=== Exercise objective ===
Go through the entries below and retype them exactly, omitting each picture.

━━━ Excerpted records ━━━

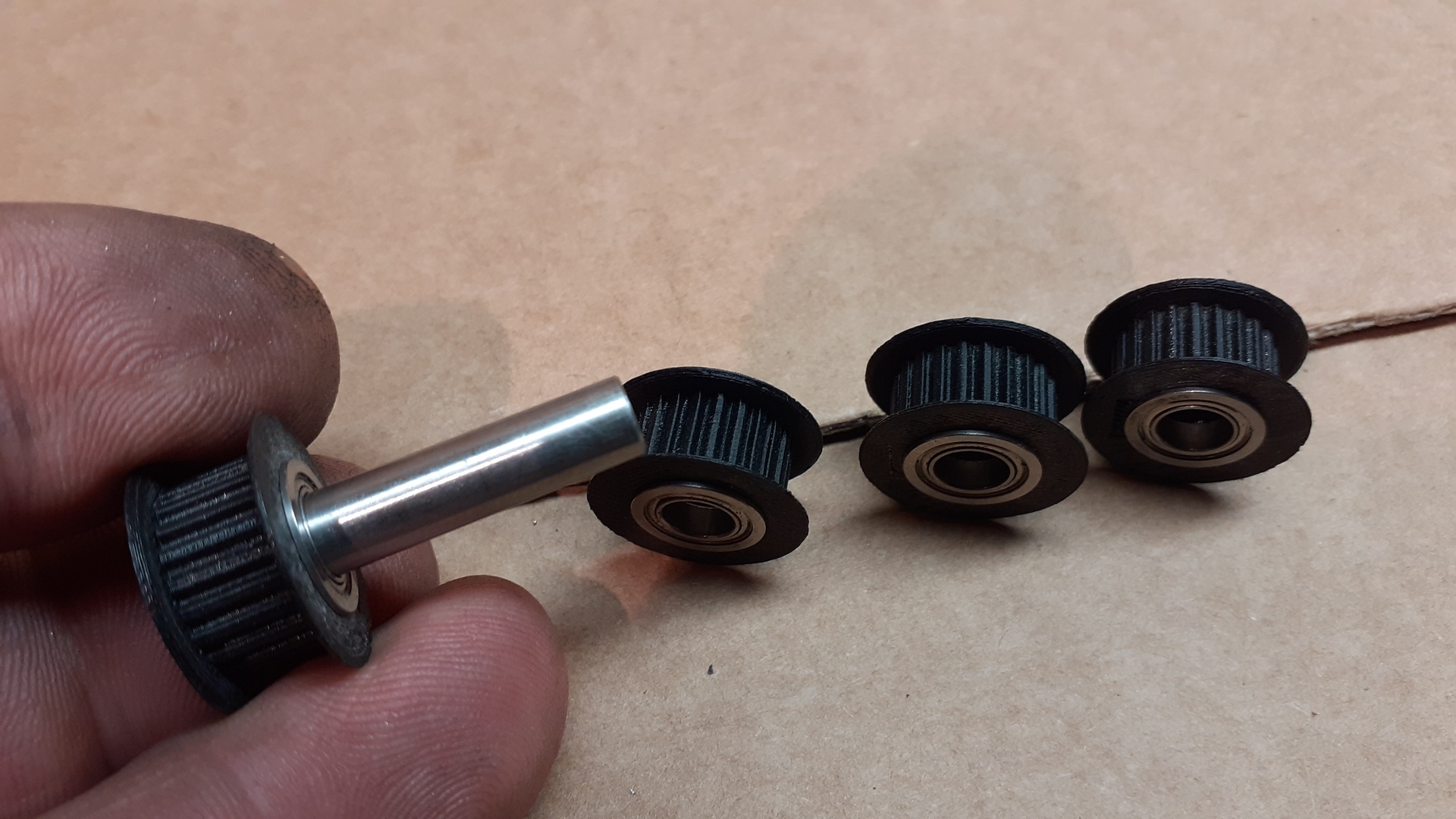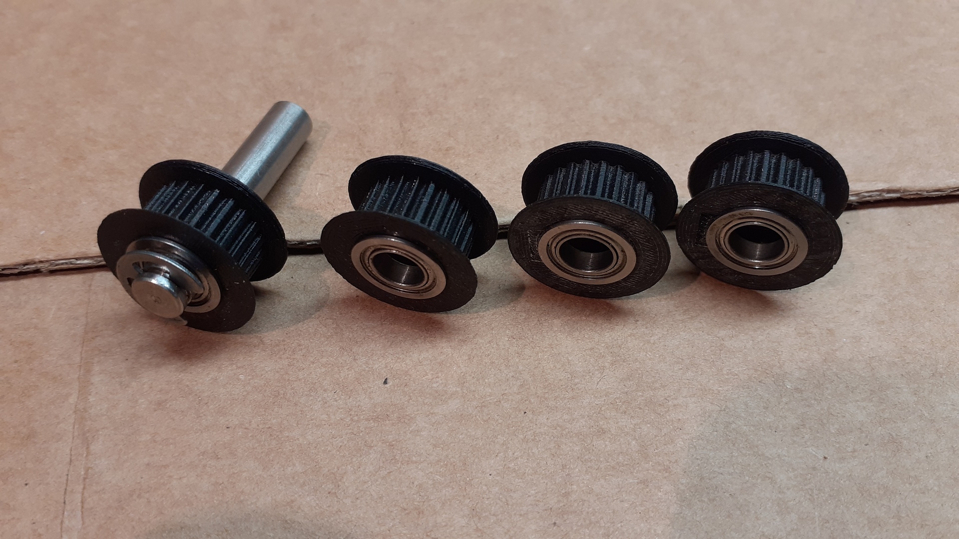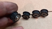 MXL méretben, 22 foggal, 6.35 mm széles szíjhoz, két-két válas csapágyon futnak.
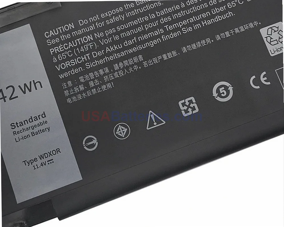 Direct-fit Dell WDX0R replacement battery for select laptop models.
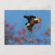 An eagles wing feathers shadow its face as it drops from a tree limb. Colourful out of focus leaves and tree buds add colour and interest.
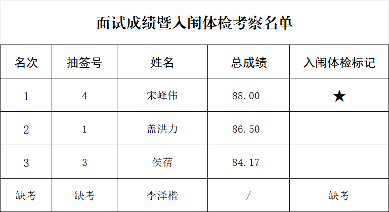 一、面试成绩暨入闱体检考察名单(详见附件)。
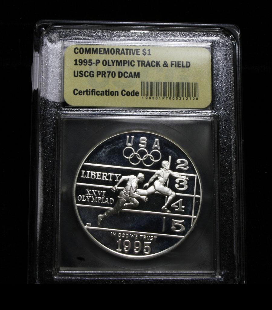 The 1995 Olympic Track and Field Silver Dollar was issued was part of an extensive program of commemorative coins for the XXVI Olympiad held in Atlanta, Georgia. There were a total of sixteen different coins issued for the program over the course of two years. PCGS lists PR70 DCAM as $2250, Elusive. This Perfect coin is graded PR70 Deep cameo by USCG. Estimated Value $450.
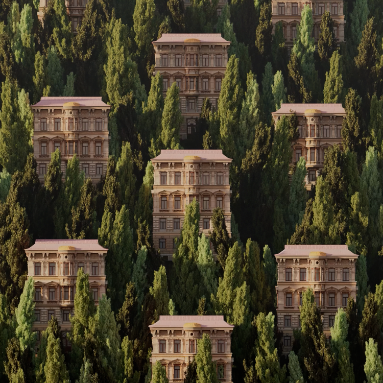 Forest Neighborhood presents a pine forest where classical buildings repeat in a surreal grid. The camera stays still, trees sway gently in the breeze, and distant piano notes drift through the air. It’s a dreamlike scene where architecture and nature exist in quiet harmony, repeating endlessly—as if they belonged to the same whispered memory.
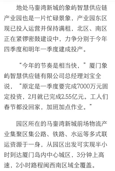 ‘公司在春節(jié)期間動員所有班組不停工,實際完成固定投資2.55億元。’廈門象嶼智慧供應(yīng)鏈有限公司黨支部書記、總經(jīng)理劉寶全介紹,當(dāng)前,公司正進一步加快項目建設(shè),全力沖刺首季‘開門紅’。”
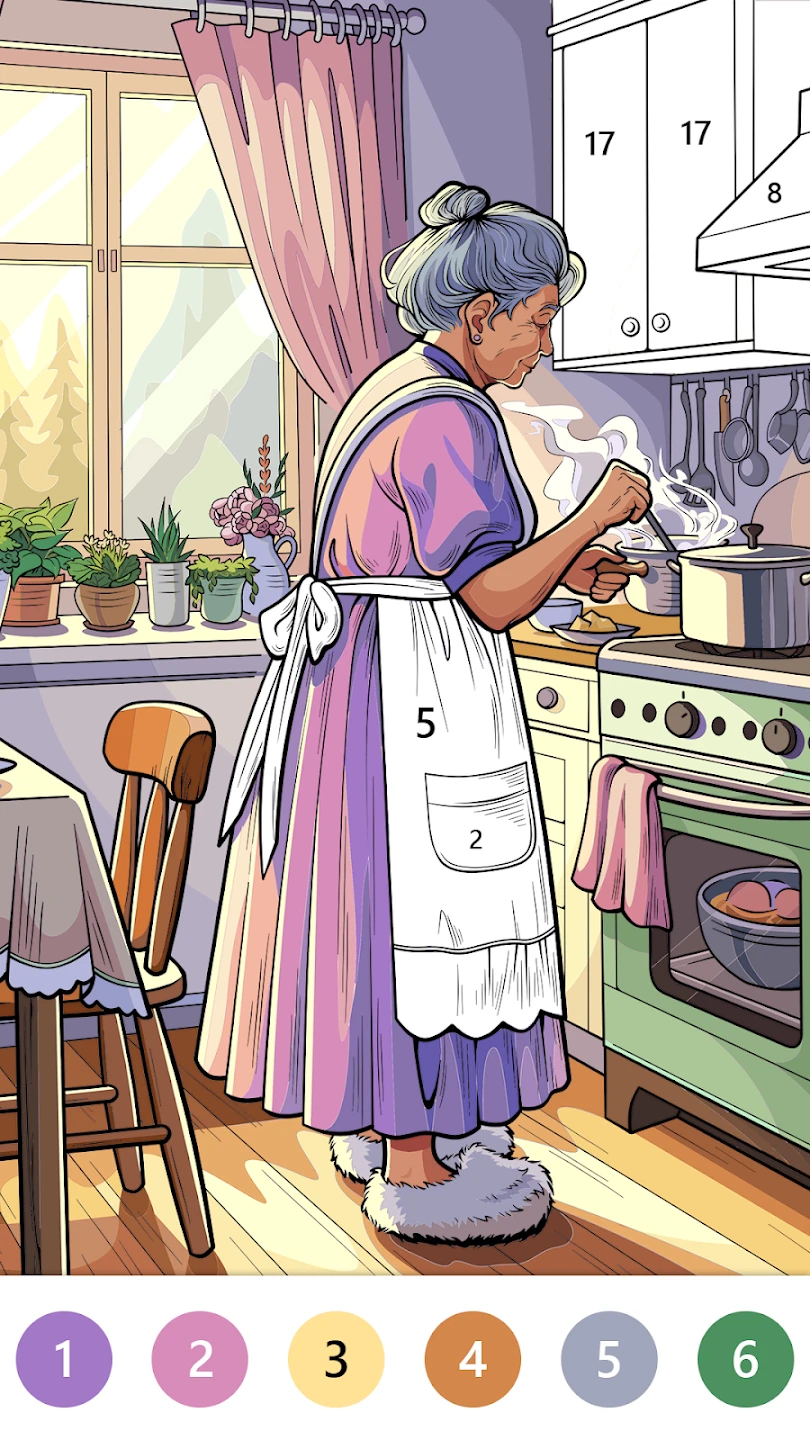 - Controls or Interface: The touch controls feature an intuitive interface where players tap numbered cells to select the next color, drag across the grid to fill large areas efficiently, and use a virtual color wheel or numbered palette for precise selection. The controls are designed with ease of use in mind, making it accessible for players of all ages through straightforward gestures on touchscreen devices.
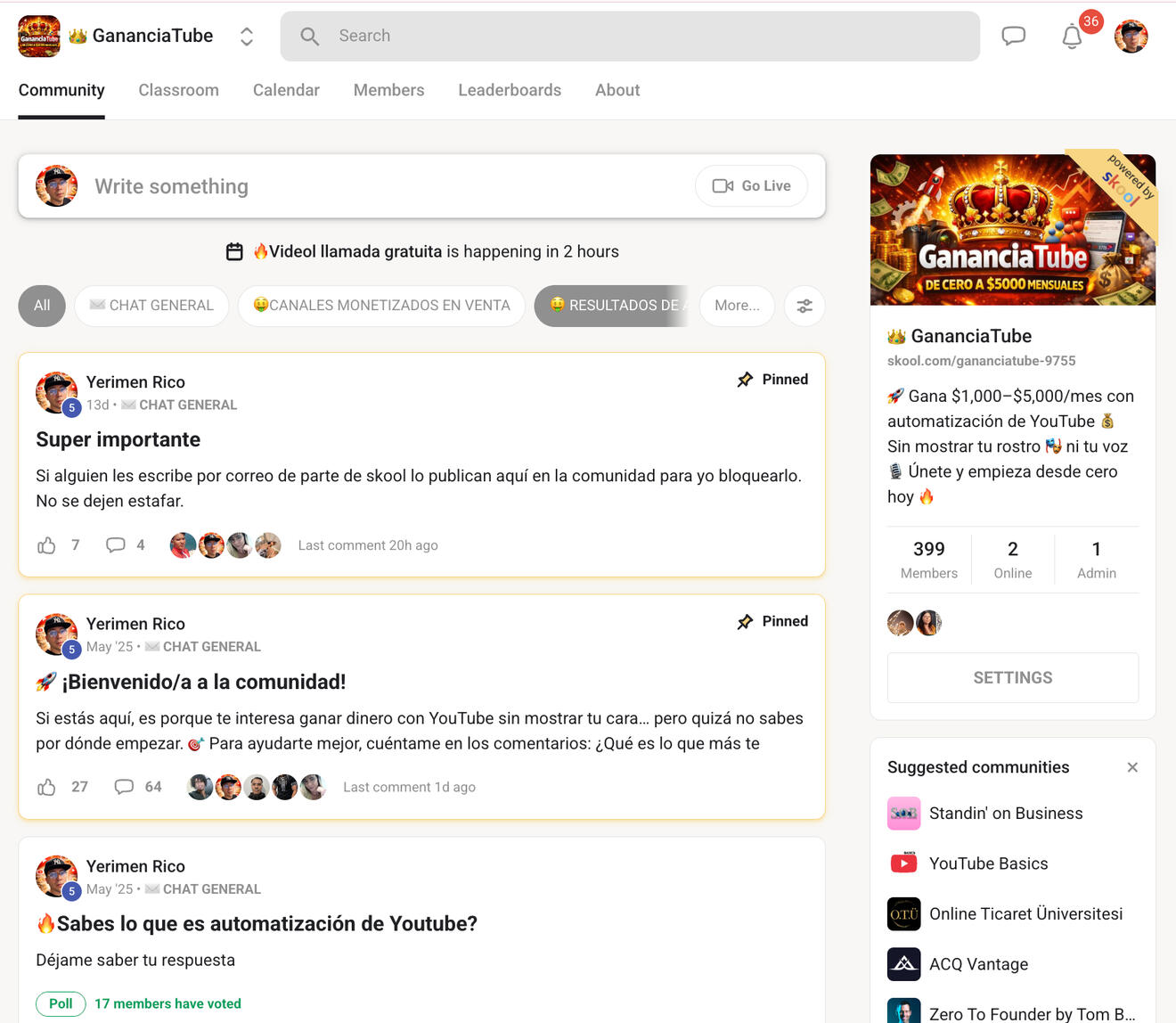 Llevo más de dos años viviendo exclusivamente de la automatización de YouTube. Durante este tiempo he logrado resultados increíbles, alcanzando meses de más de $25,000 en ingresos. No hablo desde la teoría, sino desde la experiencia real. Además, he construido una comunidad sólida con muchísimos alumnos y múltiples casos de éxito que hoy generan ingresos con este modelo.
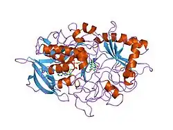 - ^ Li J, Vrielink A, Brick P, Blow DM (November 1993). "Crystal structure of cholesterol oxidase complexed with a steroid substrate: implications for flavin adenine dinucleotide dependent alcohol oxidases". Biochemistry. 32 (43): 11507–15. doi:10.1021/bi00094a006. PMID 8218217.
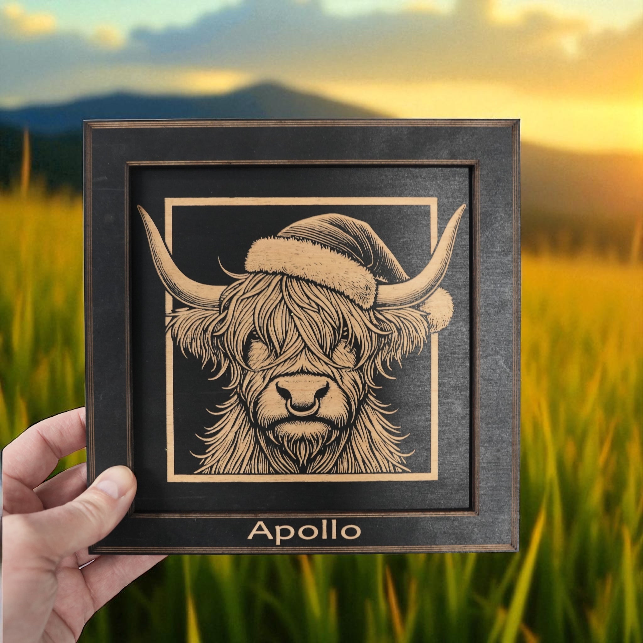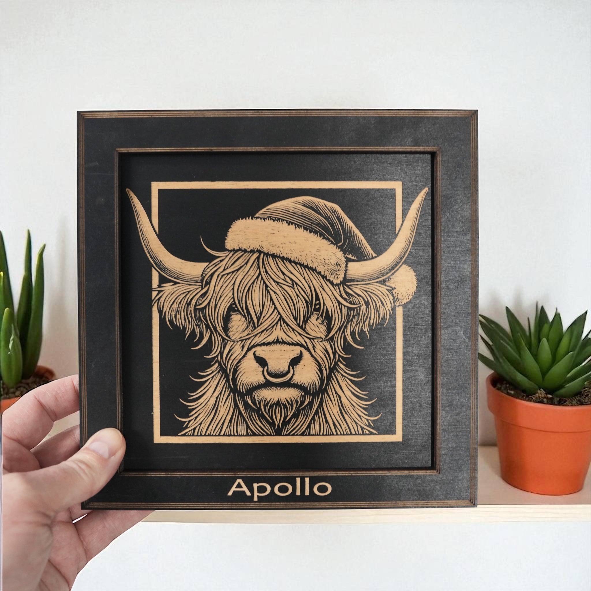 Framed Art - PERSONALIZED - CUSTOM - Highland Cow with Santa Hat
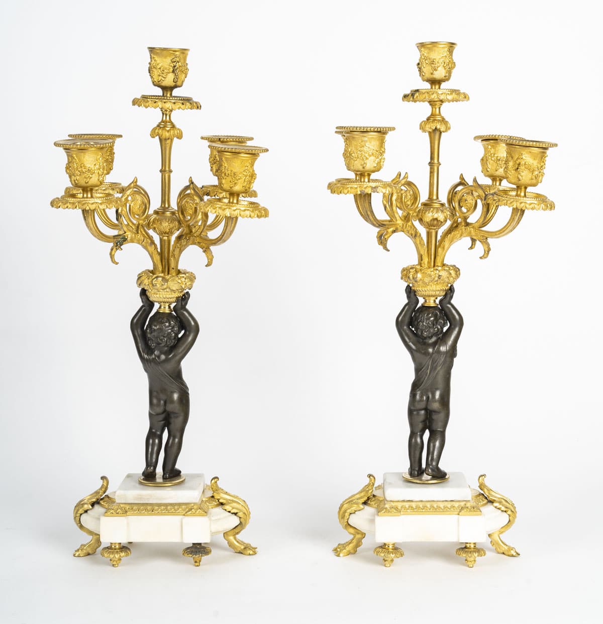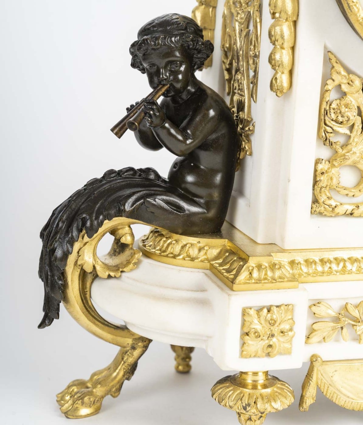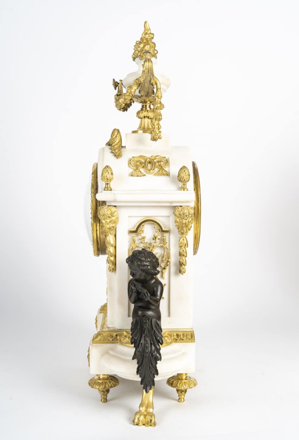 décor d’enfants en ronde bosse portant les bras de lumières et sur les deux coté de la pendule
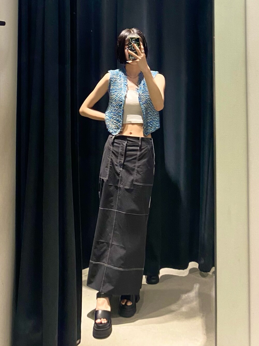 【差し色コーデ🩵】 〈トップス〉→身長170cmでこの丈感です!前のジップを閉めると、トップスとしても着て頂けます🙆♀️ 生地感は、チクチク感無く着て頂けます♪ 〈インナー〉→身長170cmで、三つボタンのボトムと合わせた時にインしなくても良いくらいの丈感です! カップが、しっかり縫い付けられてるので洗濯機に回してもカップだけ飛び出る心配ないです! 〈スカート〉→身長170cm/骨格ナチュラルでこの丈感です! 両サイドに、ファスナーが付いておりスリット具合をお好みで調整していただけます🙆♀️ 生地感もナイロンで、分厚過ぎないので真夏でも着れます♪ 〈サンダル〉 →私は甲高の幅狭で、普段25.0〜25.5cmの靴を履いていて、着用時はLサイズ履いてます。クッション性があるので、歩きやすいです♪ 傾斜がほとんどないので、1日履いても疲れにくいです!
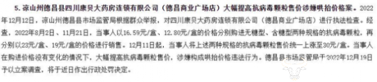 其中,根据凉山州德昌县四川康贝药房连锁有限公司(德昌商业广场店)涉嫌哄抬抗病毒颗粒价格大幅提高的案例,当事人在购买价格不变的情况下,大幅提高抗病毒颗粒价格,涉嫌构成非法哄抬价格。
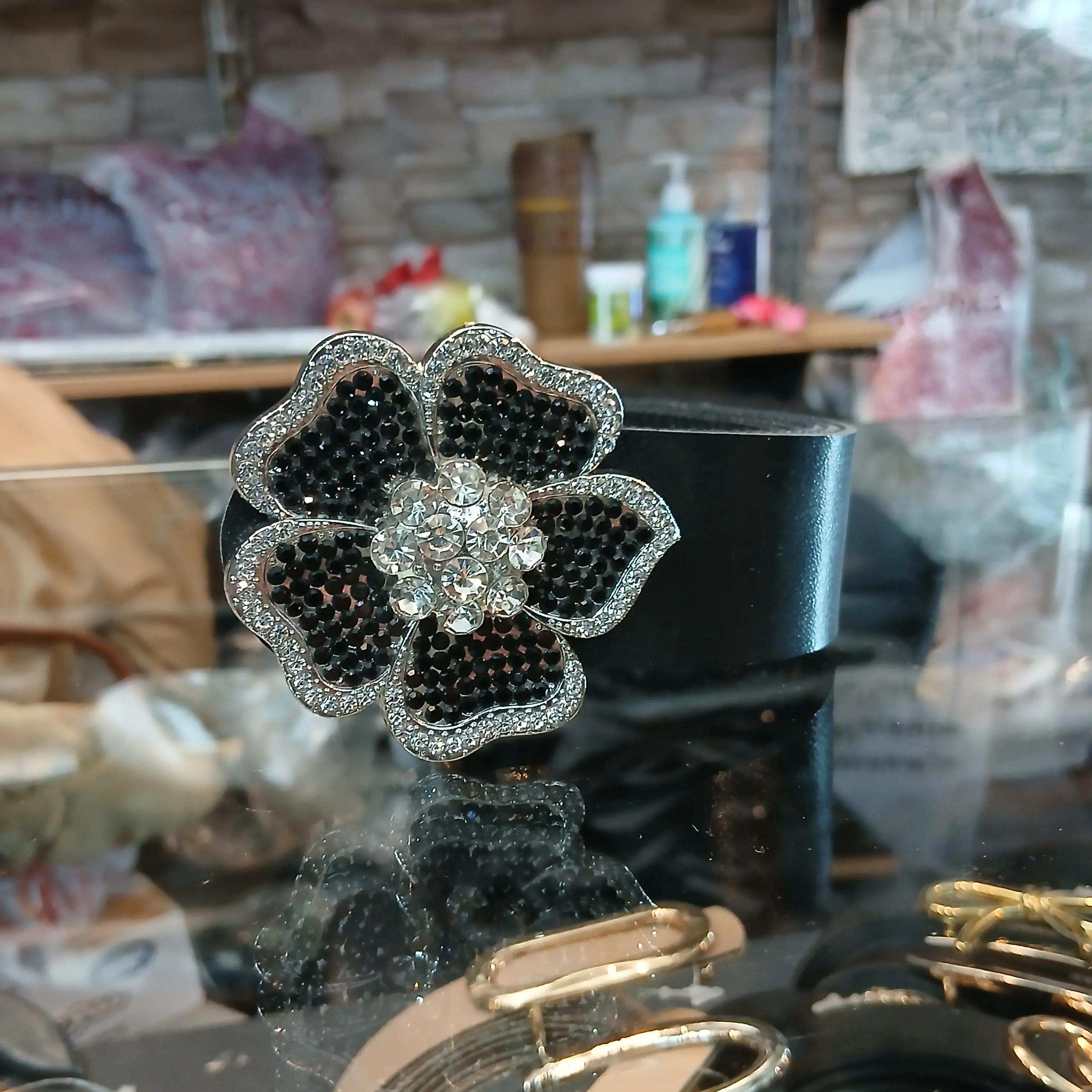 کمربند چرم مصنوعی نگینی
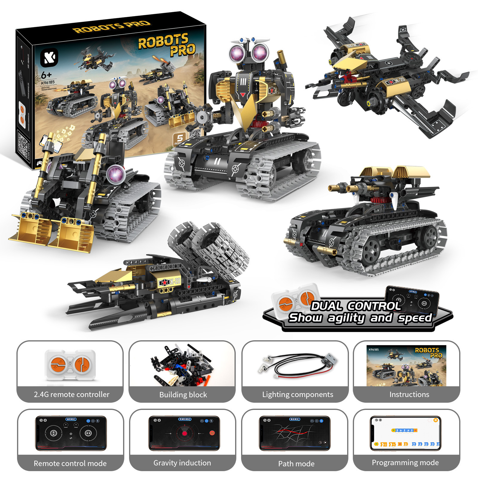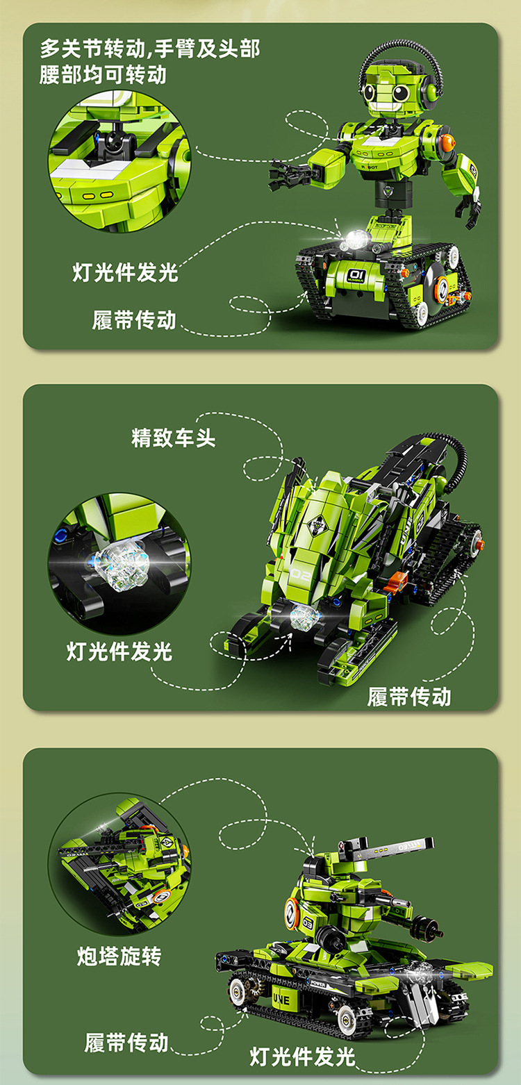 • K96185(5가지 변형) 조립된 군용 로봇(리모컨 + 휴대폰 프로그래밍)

━━━

=== Answer box ===
 MXL méretben, 22 foggal, 6.35 mm széles szíjhoz, két-két válas csapágyon futnak.
 Direct-fit Dell WDX0R replacement battery for select laptop models.
 An eagles wing feathers shadow its face as it drops from a tree limb. Colourful out of focus leaves and tree buds add colour and interest.
 一、面试成绩暨入闱体检考察名单(详见附件)。
 The 1995 Olympic Track and Field Silver Dollar was issued was part of an extensive program of commemorative coins for the XXVI Olympiad held in Atlanta, Georgia. There were a total of sixteen different coins issued for the program over the course of two years. PCGS lists PR70 DCAM as $2250, Elusive. This Perfect coin is graded PR70 Deep cameo by USCG. Estimated Value $450.
 Forest Neighborhood presents a pine forest where classical buildings repeat in a surreal grid. The camera stays still, trees sway gently in the breeze, and distant piano notes drift through the air. It’s a dreamlike scene where architecture and nature exist in quiet harmony, repeating endlessly—as if they belonged to the same whispered memory.
 ‘公司在春節(jié)期間動員所有班組不停工,實際完成固定投資2.55億元。’廈門象嶼智慧供應(yīng)鏈有限公司黨支部書記、總經(jīng)理劉寶全介紹,當(dāng)前,公司正進一步加快項目建設(shè),全力沖刺首季‘開門紅’。”
 - Controls or Interface: The touch controls feature an intuitive interface where players tap numbered cells to select the next color, drag across the grid to fill large areas efficiently, and use a virtual color wheel or numbered palette for precise selection. The controls are designed with ease of use in mind, making it accessible for players of all ages through straightforward gestures on touchscreen devices.
 Llevo más de dos años viviendo exclusivamente de la automatización de YouTube. Durante este tiempo he logrado resultados increíbles, alcanzando meses de más de $25,000 en ingresos. No hablo desde la teoría, sino desde la experiencia real. Además, he construido una comunidad sólida con muchísimos alumnos y múltiples casos de éxito que hoy generan ingresos con este modelo.
 - ^ Li J, Vrielink A, Brick P, Blow DM (November 1993). "Crystal structure of cholesterol oxidase complexed with a steroid substrate: implications for flavin adenine dinucleotide dependent alcohol oxidases". Biochemistry. 32 (43): 11507–15. doi:10.1021/bi00094a006. PMID 8218217.
 Framed Art - PERSONALIZED - CUSTOM - Highland Cow with Santa Hat
 décor d’enfants en ronde bosse portant les bras de lumières et sur les deux coté de la pendule
 【差し色コーデ🩵】 〈トップス〉→身長170cmでこの丈感です!前のジップを閉めると、トップスとしても着て頂けます🙆♀️ 生地感は、チクチク感無く着て頂けます♪ 〈インナー〉→身長170cmで、三つボタンのボトムと合わせた時にインしなくても良いくらいの丈感です! カップが、しっかり縫い付けられてるので洗濯機に回してもカップだけ飛び出る心配ないです! 〈スカート〉→身長170cm/骨格ナチュラルでこの丈感です! 両サイドに、ファスナーが付いておりスリット具合をお好みで調整していただけます🙆♀️ 生地感もナイロンで、分厚過ぎないので真夏でも着れます♪ 〈サンダル〉 →私は甲高の幅狭で、普段25.0〜25.5cmの靴を履いていて、着用時はLサイズ履いてます。クッション性があるので、歩きやすいです♪ 傾斜がほとんどないので、1日履いても疲れにくいです!
 其中,根据凉山州德昌县四川康贝药房连锁有限公司(德昌商业广场店)涉嫌哄抬抗病毒颗粒价格大幅提高的案例,当事人在购买价格不变的情况下,大幅提高抗病毒颗粒价格,涉嫌构成非法哄抬价格。
 کمربند چرم مصنوعی نگینی
 • K96185(5가지 변형) 조립된 군용 로봇(리모컨 + 휴대폰 프로그래밍)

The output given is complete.